2024-06-27T10:55:35.643948091-05:00 2024/06/27 15:55:35 [debug] 48#0: *1303 [lua] client.lua:653: init(): [dns-client] badTtl = 1 s
2024-06-27T10:55:35.643950195-05:00 2024/06/27 15:55:35 [debug] 48#0: *1303 [lua] client.lua:655: init(): [dns-client] emptyTtl = 10 s
2024-06-27T10:55:36.764782956-05:00 2024/06/27 15:55:36 [notice] 48#0: *1300 [lua] warmup.lua:81: finished warming up DNS entries' into the cache (in 1121ms), context: ngx.timer

@chobits The ENV variable patch approach worked as evidenced above.

Cool! great to hear that the ENV method worked.

chobits commented 1 day ago

I'm closing this issue, feel free to reopen or left a comment if you still have the problem with this topic.

jeremyjpj0916 commented 1 day ago

@chobits Why would this be closed? Kong nginx workers do not respect the ENV variable settings mentioned in the conf ootb until Kong includes those ENV vars either in your default nginx template or in the conf itself?

https://github.com/Kong/kong/blob/3.7.1/kong.conf.default#L1496

chobits commented 1 day ago

@chobits Why would this be closed?
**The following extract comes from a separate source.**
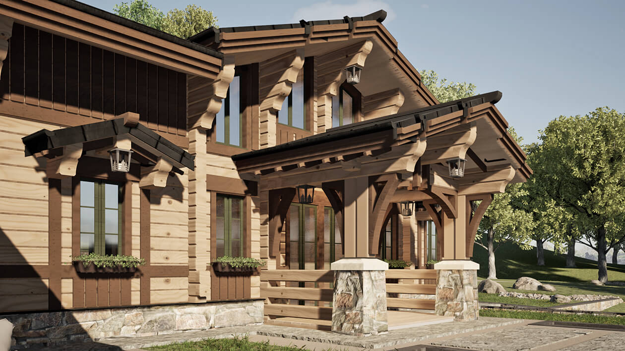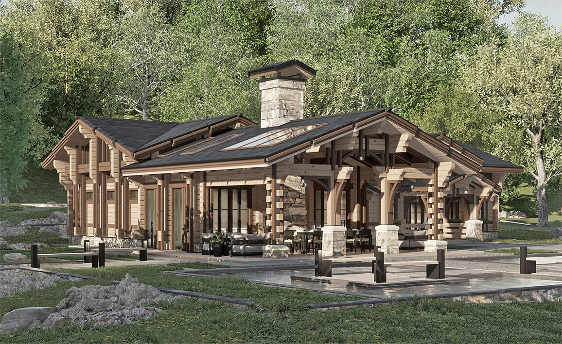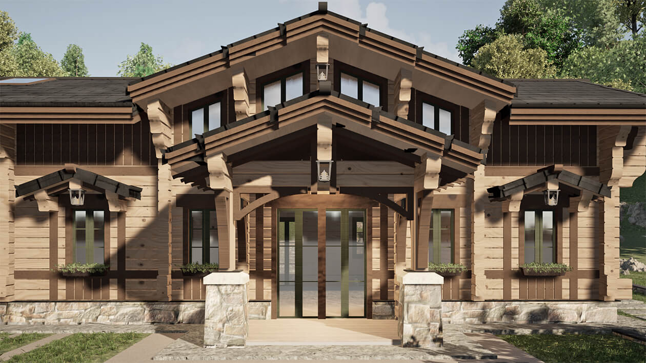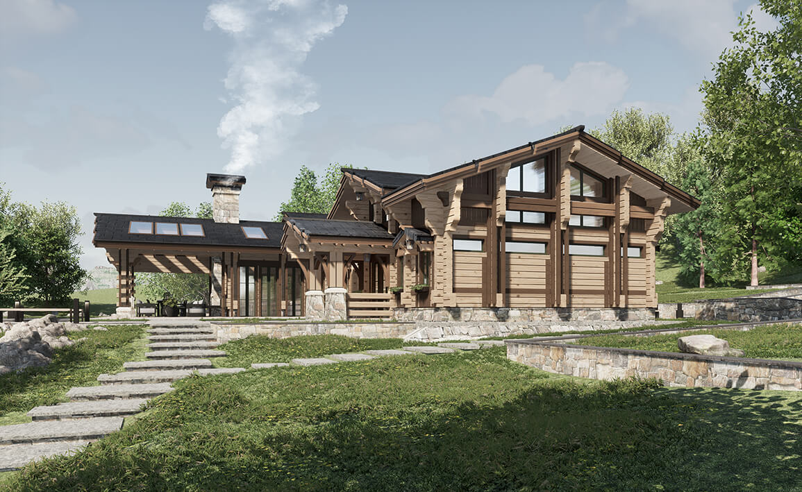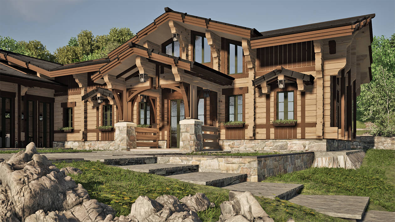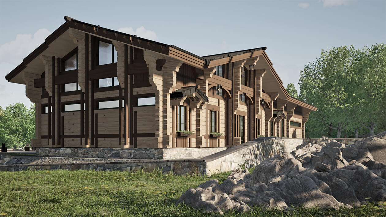 Лаконичность и сдержанность являются ключевым идеологическим мотивом всего проекта. Предполагается четкая центричная композиционная схема с разделением проекта на жилую и хозяйственную часть. Асимметрия достигается за счет крылец и функциональным зонированием пространства, которое отражается соответствующими выступами сруба на плоскости фасадов.

Kong nginx workers do not respect the ENV variable settings mentioned in the conf ootb until Kong includes those ENV vars either in your default nginx template or in the conf itself?

I have filed an internal ticket to track this, currently I think we should modify the documentation to mention the ENV method. /KAG-4845

jeremyjpj0916 commented 1 day ago

@chobits ah gotcha, internal ticket and the option of updating documentation on how to achieve the settings seems reasonable too.